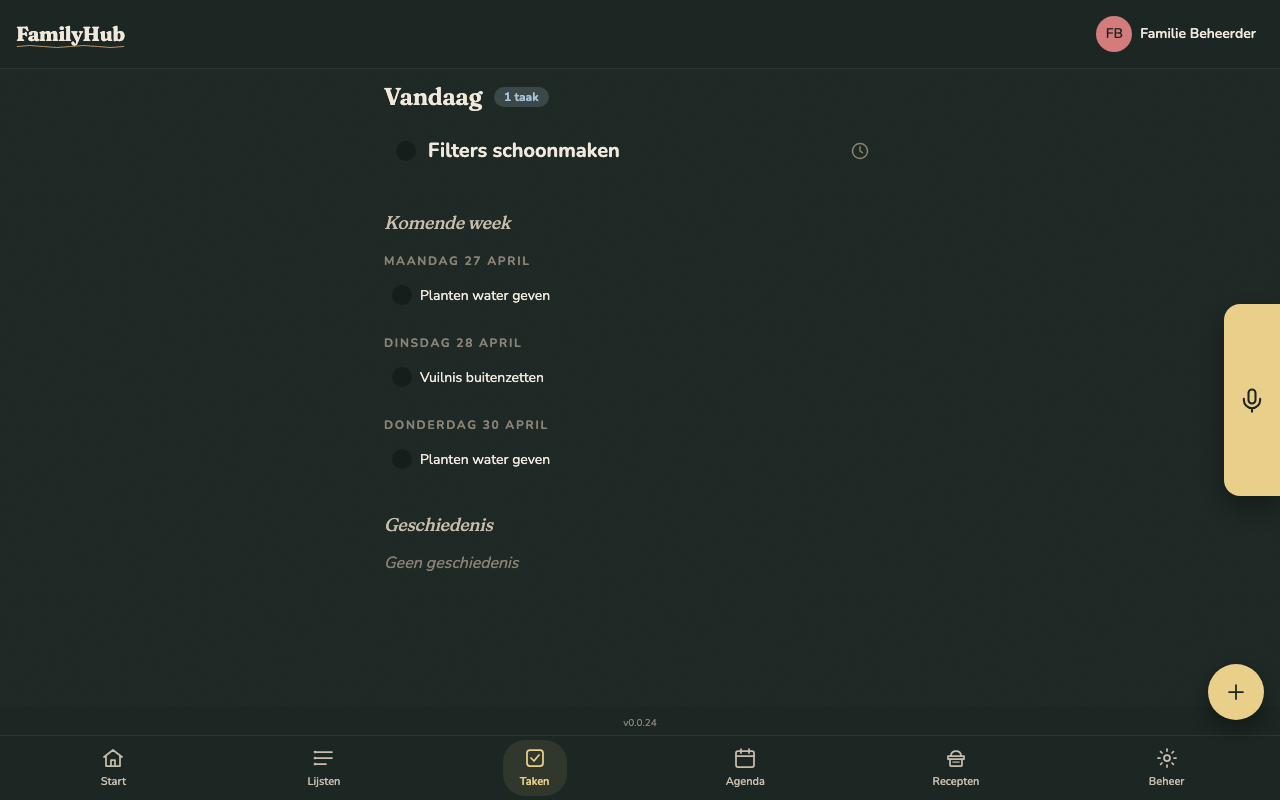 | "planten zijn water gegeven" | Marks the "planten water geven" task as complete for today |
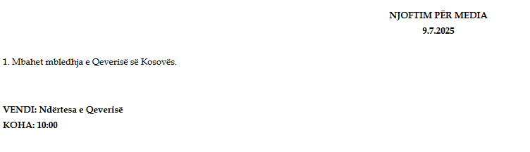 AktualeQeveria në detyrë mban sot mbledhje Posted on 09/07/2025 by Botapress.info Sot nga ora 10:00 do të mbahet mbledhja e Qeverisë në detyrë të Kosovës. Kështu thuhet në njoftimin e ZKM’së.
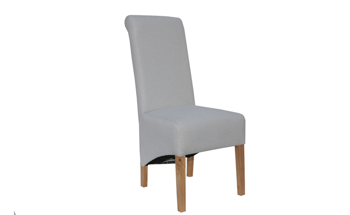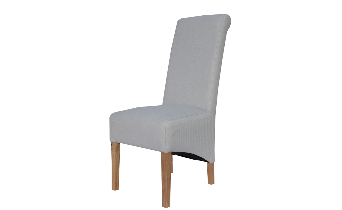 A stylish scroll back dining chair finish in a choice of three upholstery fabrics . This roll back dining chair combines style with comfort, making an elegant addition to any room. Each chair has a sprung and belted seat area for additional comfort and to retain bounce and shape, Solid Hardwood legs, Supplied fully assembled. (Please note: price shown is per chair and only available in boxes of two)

> Required action
With the pictures removed, set down every line of the listing above exactly.

> Solution below
 | "planten zijn water gegeven" | Marks the "planten water geven" task as complete for today |
 AktualeQeveria në detyrë mban sot mbledhje Posted on 09/07/2025 by Botapress.info Sot nga ora 10:00 do të mbahet mbledhja e Qeverisë në detyrë të Kosovës. Kështu thuhet në njoftimin e ZKM’së.
 A stylish scroll back dining chair finish in a choice of three upholstery fabrics . This roll back dining chair combines style with comfort, making an elegant addition to any room. Each chair has a sprung and belted seat area for additional comfort and to retain bounce and shape, Solid Hardwood legs, Supplied fully assembled. (Please note: price shown is per chair and only available in boxes of two)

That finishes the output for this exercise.